Retype the listing exactly, minus its pictures.

SOURCE DATA:
↓

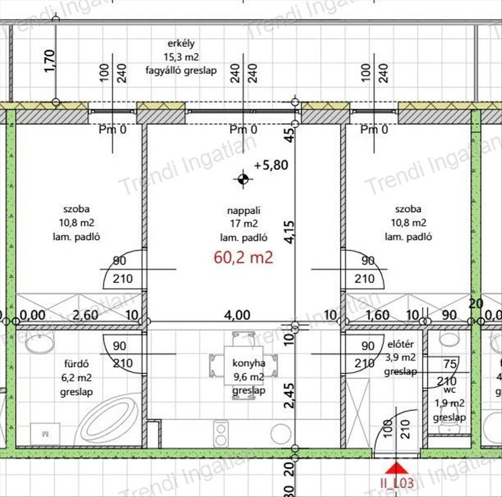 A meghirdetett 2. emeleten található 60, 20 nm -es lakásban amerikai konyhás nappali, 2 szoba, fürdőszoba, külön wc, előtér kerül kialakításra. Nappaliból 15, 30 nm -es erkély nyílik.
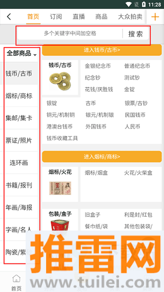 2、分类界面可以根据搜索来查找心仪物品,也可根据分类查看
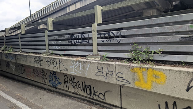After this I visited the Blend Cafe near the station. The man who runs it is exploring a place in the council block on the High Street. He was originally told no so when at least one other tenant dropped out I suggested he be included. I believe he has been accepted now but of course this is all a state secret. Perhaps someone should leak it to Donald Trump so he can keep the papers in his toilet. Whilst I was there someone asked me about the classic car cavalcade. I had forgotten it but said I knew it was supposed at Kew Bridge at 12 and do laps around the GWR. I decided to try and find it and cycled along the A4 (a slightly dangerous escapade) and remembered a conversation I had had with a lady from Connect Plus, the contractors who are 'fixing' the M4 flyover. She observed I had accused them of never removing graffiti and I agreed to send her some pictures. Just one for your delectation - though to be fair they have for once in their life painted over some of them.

↑

EXPECTED ANSWER:
 A meghirdetett 2. emeleten található 60, 20 nm -es lakásban amerikai konyhás nappali, 2 szoba, fürdőszoba, külön wc, előtér kerül kialakításra. Nappaliból 15, 30 nm -es erkély nyílik.
 2、分类界面可以根据搜索来查找心仪物品,也可根据分类查看
After this I visited the Blend Cafe near the station. The man who runs it is exploring a place in the council block on the High Street. He was originally told no so when at least one other tenant dropped out I suggested he be included. I believe he has been accepted now but of course this is all a state secret. Perhaps someone should leak it to Donald Trump so he can keep the papers in his toilet. Whilst I was there someone asked me about the classic car cavalcade. I had forgotten it but said I knew it was supposed at Kew Bridge at 12 and do laps around the GWR. I decided to try and find it and cycled along the A4 (a slightly dangerous escapade) and remembered a conversation I had had with a lady from Connect Plus, the contractors who are 'fixing' the M4 flyover. She observed I had accused them of never removing graffiti and I agreed to send her some pictures. Just one for your delectation - though to be fair they have for once in their life painted over some of them.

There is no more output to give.